━━━ INPUT DATA ━━━

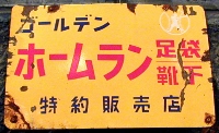 ゴールデン「ホームラン足袋・靴下」特約販売店 撮影地:北海道(展示品) 「ゴールデンホームラン足袋」というブランドには、北陸の金沢紡績さんや、その商事部門である金紡産業さんが関わっていたようです。 |
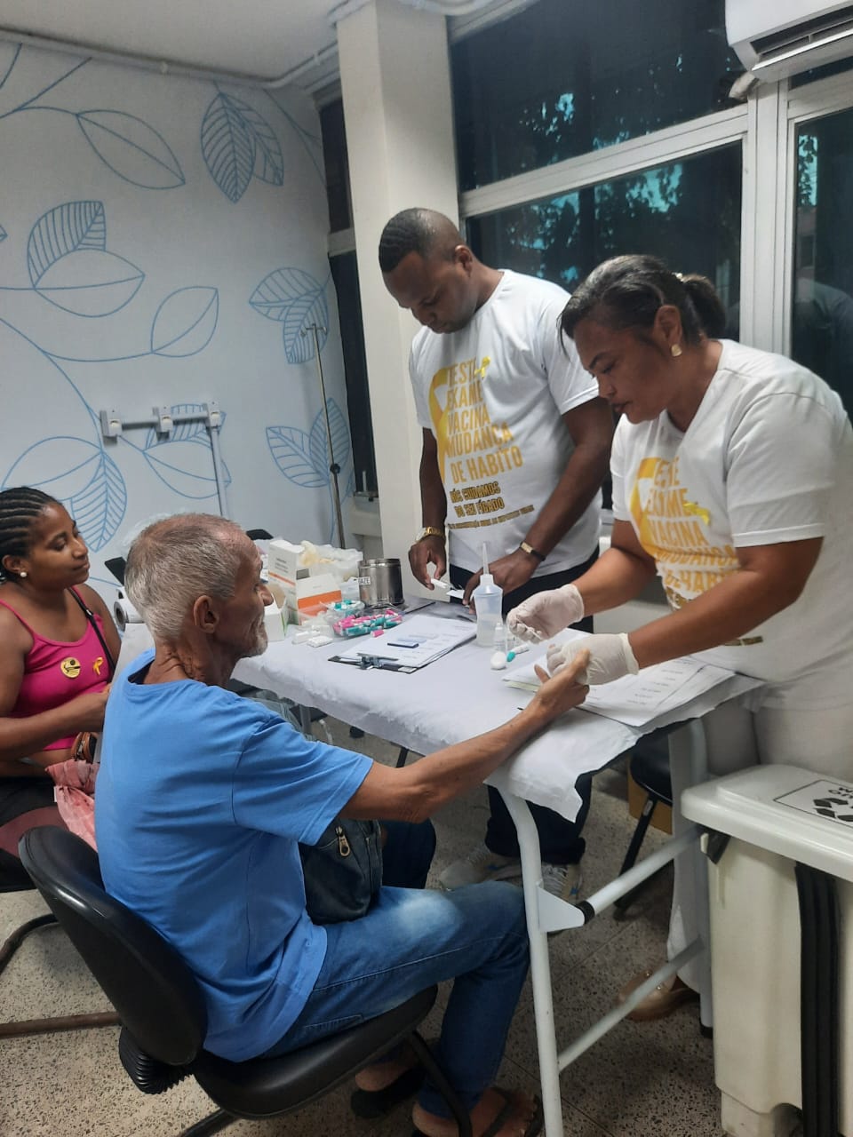 Ornamentada com balões amarelos e em clima festivo, a unidade distribuiu 60 fichas para demandas espontâneas da comunidade, incluindo atendimentos para testagens, exames laboratoriais e consultas. Além disso, foi realizada uma exposição sobre as hepatites para usuários do CAPS Aristides Novis.
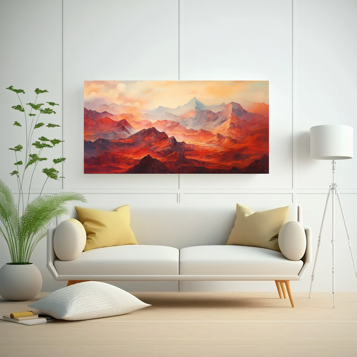 Pinturas Decorativas De Famosas Cumbres Y Cordilleras En Rojo Vibrante
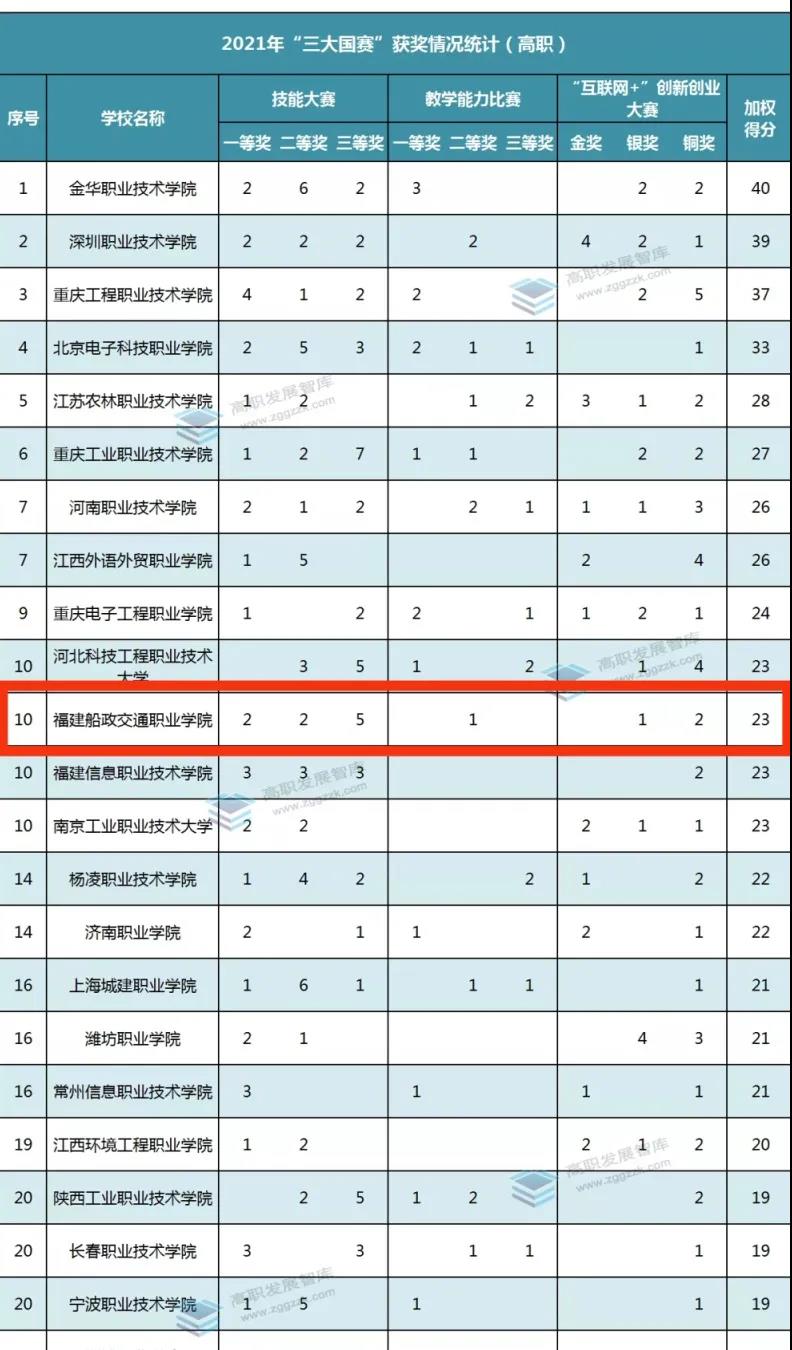 近期,高職發(fā)展智庫對三個(gè)賽項(xiàng)獲獎(jiǎng)的有效數(shù)據(jù)進(jìn)行統(tǒng)計(jì)與分析,福建船政交通職業(yè)學(xué)院表現(xiàn)亮眼!進(jìn)入全國排名前十!

━━━

#### ASSIGNED TASK:
Exactly the lines from the top of the listing through the line holding "Pinturas Decorativas De" should be repeated, with pictures left out.

#### TASK RESULT:
 ゴールデン「ホームラン足袋・靴下」特約販売店 撮影地:北海道(展示品) 「ゴールデンホームラン足袋」というブランドには、北陸の金沢紡績さんや、その商事部門である金紡産業さんが関わっていたようです。 |
 Ornamentada com balões amarelos e em clima festivo, a unidade distribuiu 60 fichas para demandas espontâneas da comunidade, incluindo atendimentos para testagens, exames laboratoriais e consultas. Além disso, foi realizada uma exposição sobre as hepatites para usuários do CAPS Aristides Novis.
 Pinturas Decorativas De Famosas Cumbres Y Cordilleras En Rojo Vibrante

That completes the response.